Los conductores que circulan por determinadas carreteras españolas pueden encontrarse con un elemento que rompe con la imagen habitual de la calzada: una segunda línea de color verde que discurre paralela a la tradicional línea blanca del borde de la carretera. Para quienes no conocen su significado, la aparición de esta marca puede resultar desconcertante e incluso llevar a pensar que se trata de una señalización provisional, de una modificación reciente de la vía o simplemente de una marca pintada por error. Sin embargo, nada de eso ocurre. Estas líneas forman parte de una estrategia de seguridad vial que la Dirección General de Tráfico lleva años estudiando y aplicando en determinados puntos y que tiene como objetivo actuar sobre uno de los elementos más importantes a la hora de conducir: la percepción que el usuario tiene del espacio por el que circula.

La particularidad de esta medida es precisamente que no necesita modificar físicamente la carretera para intentar cambiar el comportamiento de quienes circulan por ella. El asfalto mantiene sus dimensiones, los carriles conservan su anchura y la línea blanca que delimita el arcén continúa cumpliendo su función habitual. Lo que cambia es la cantidad de referencias visuales que recibe el conductor. Al añadir una línea verde en la parte interior de la marca blanca, la DGT pretende generar una sensación diferente al recorrer determinados tramos, especialmente aquellos en los que una carretera amplia, recta o con curvas suaves puede transmitir al usuario una sensación de seguridad mayor de la que realmente corresponde a las características de la vía.
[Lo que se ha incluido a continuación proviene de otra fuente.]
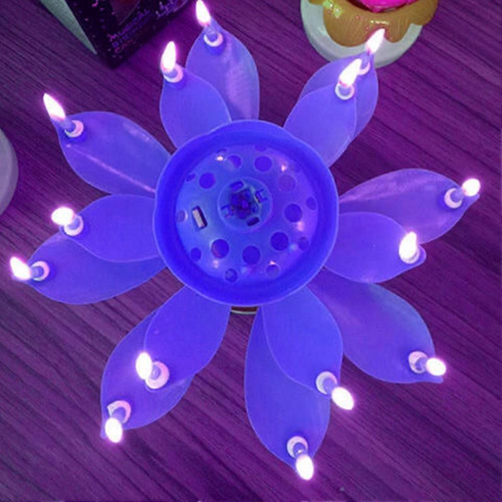 Rotating Music Lotus Cake Candle Birthday Party Magic Flower Blossom Candle
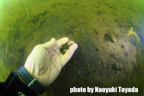 今日の写真は、昨年の9月に相模川の最源流である富士山麓の山中湖を潜水調査した際に撮ったものです。分厚く堆積したヘドロの合間に、おそらくここから水が湧いていると思われるスコリア(富士山噴火の際の火山性の小砂利)の露出しているところが見られました。
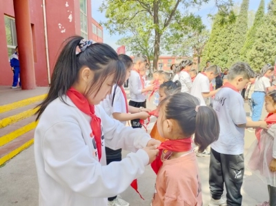 接着,老队员们把红领巾戴在新队员的胸前。在庄严的队旗下,全体新少先队员高高举起右手进行了庄严宣誓。
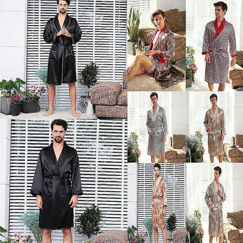 Mens Satin Silk Summer Pajamas Kimono Bathrobe Robe Dressing Gown Loungewear
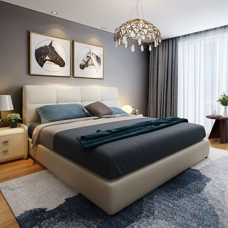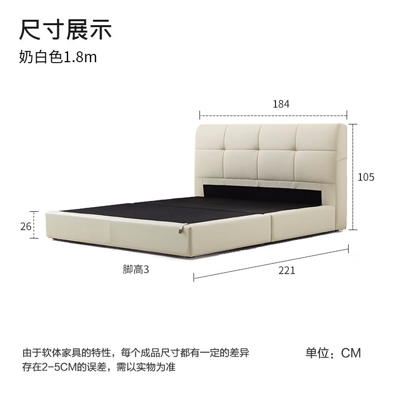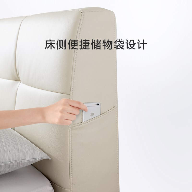 顾家家居皮床实木床现代简约头层牛皮双人软床卧室家具DK.B112梦想系列 【15天发货】奶白色 【1.8*2.0m】

Qué significa realmente la línea verde

La DGT incluye este tipo de marcas dentro de las denominadas “marcas viales características de tramo”, un conjunto de recursos destinados a reforzar la seguridad mediante elementos que forman parte del propio diseño de la carretera. En el caso de las líneas verdes, su colocación responde a una lógica muy concreta. Se sitúan paralelas a las líneas blancas que delimitan el arcén y quedan en la parte interior de estas, creando una nueva referencia visual para el conductor. Aunque la carretera sigue teniendo exactamente la misma anchura, el efecto que se pretende conseguir es que el espacio disponible parezca más reducido y que el usuario perciba de una manera diferente la distancia existente entre su vehículo y los márgenes de la calzada.
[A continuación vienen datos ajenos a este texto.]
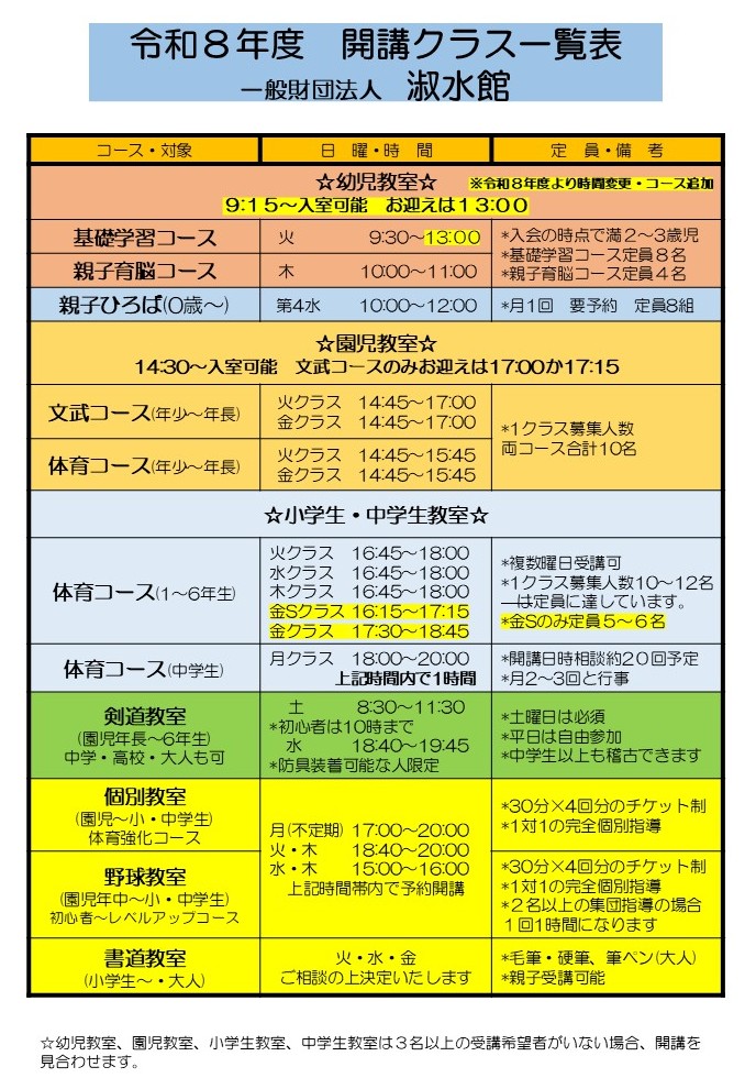 ①園児教室文武コースは体育と学習の合計2時間となります。
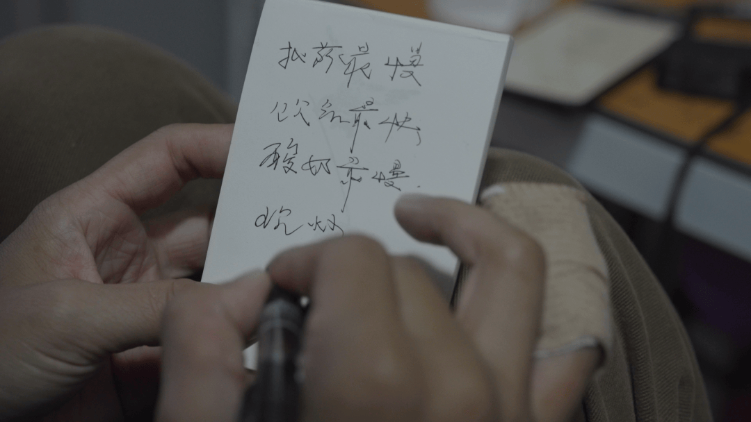 ▲王晚做笔记,写字手的小拇指在骑行中受伤。新京报记者 吴瑜 摄
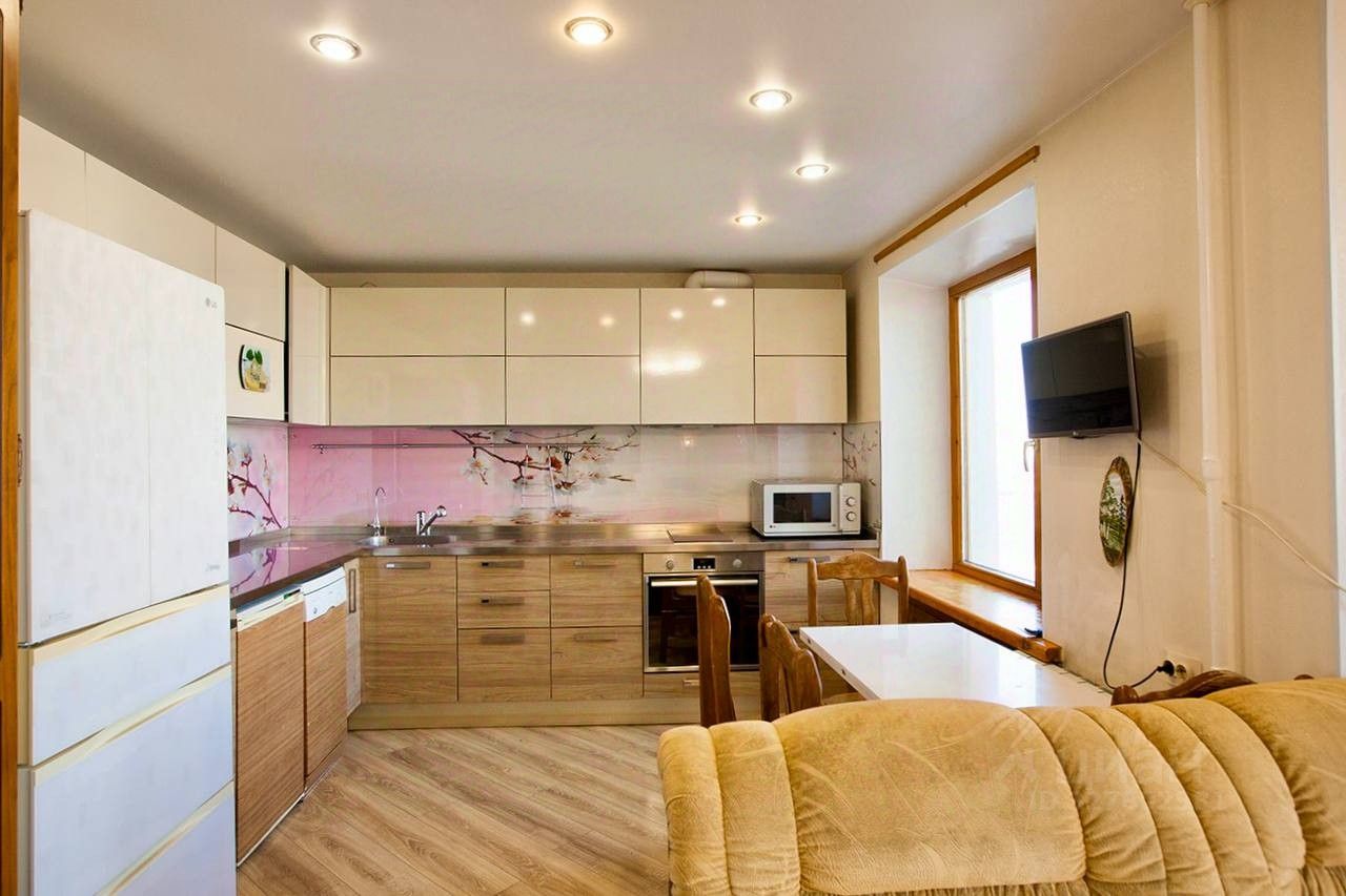 Кухня оборудована современной техникой, включая холодильник и посудомоечную машину.
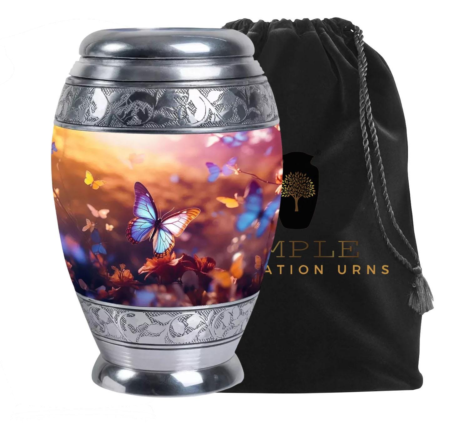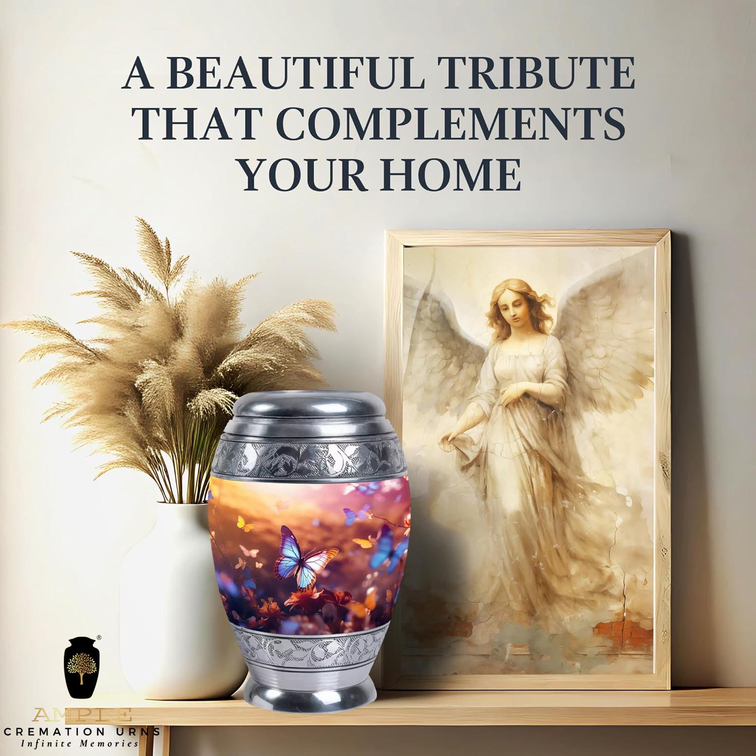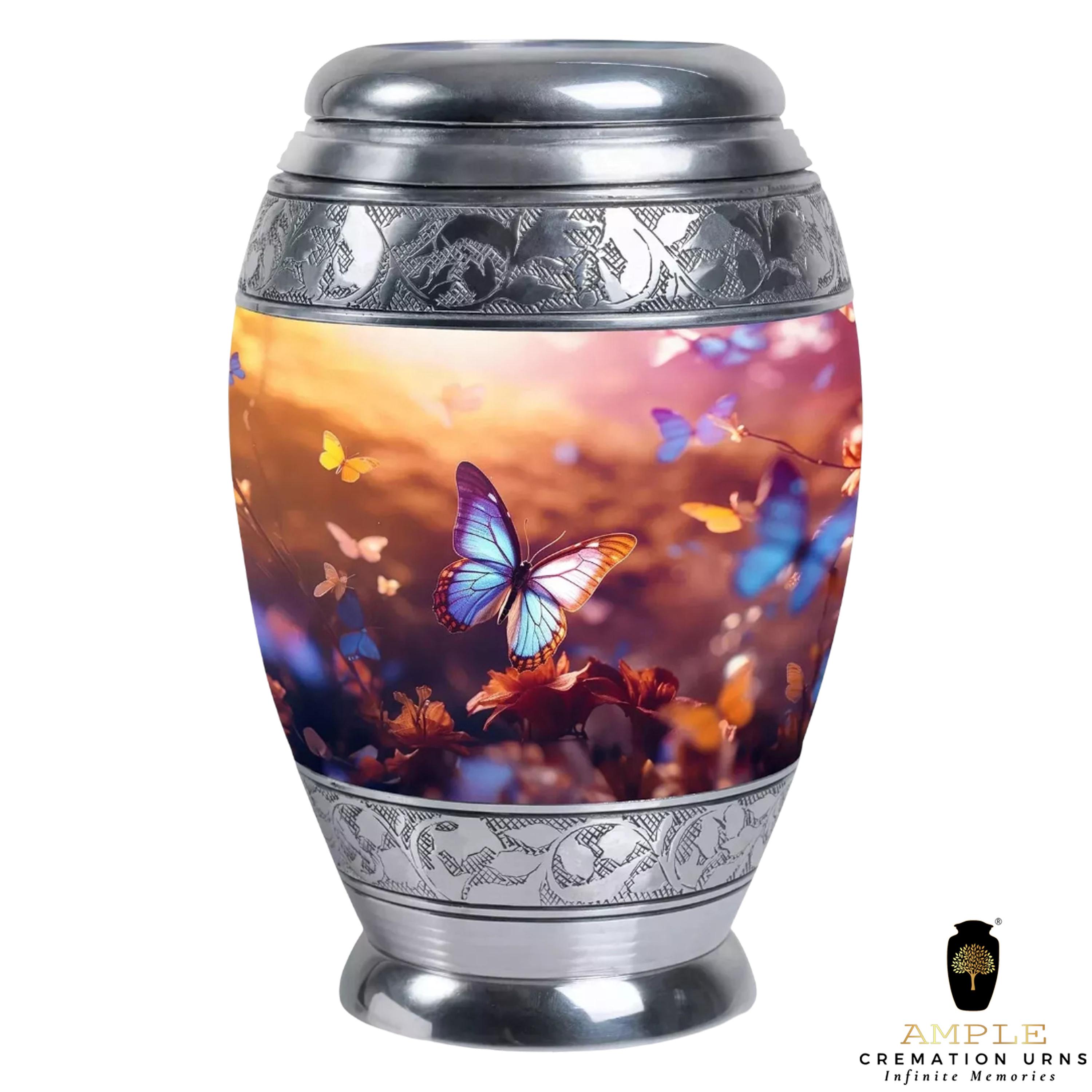 Honor your loved one with the beauty and symbolism of transformation through our Eternal Butterfly Garden Cremation Urn. Featuring vibrant butterflies उड़ते gracefully in a warm sunset garden, this design represents hope, renewal, and the eternal journey of the soul.

Esta modificación visual está relacionada con lo que la DGT denomina “efecto túnel”. La idea consiste en provocar una sensación de estrechamiento sin necesidad de construir ningún elemento físico que reduzca el ancho de la carretera. Al encontrarse con más referencias en los laterales, el conductor puede experimentar una percepción de mayor proximidad respecto a los límites de la zona de circulación. El objetivo final es que esa sensación contribuya a moderar la velocidad y a incrementar la atención. No se trata, por tanto, de una nueva limitación que sustituya a las señales existentes, sino de una herramienta de diseño destinada a influir en la manera en la que el conductor interpreta la carretera.

Es precisamente esta característica la que hace que las líneas verdes puedan pasar desapercibidas para algunos usuarios y, al mismo tiempo, llamar poderosamente la atención de otros. Su función no consiste en transmitir una prohibición nueva mediante un código de color, sino en formar parte de un conjunto de elementos que pretenden hacer que la carretera sea más “autoexplicativa”. Es decir, que el propio trazado y sus marcas proporcionen al conductor información suficiente para adaptar su comportamiento a las características del recorrido. La intención es que la carretera no sea un escenario pasivo por el que simplemente se circula, sino que su diseño ayude a recordar de manera constante cuál debe ser la actitud al volante.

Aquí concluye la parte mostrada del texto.